# [What this task involves]
Give back exactly the lines of the entries below from the line with "- na koniec" to the line with "Justice Shimmering Mini", inclusive, and only those.

# [Data in this exercise]
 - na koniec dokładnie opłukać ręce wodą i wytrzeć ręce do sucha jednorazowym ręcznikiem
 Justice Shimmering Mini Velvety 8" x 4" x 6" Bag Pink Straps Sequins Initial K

...

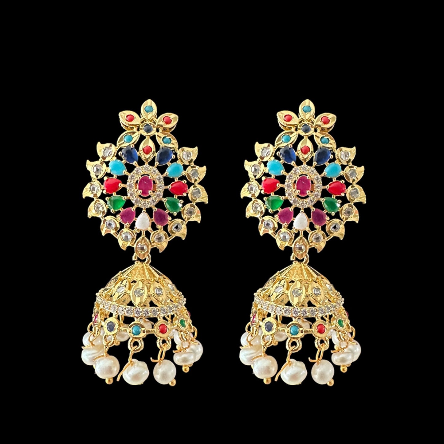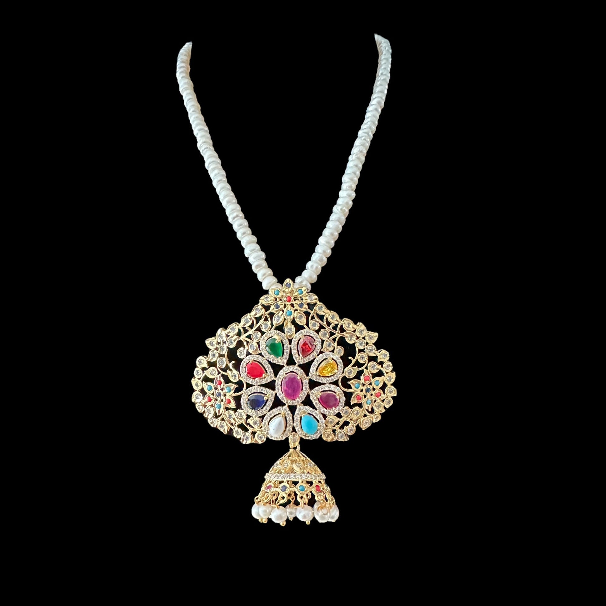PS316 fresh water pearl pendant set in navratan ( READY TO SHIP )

# [Exercise answer]
 - na koniec dokładnie opłukać ręce wodą i wytrzeć ręce do sucha jednorazowym ręcznikiem
 Justice Shimmering Mini Velvety 8" x 4" x 6" Bag Pink Straps Sequins Initial K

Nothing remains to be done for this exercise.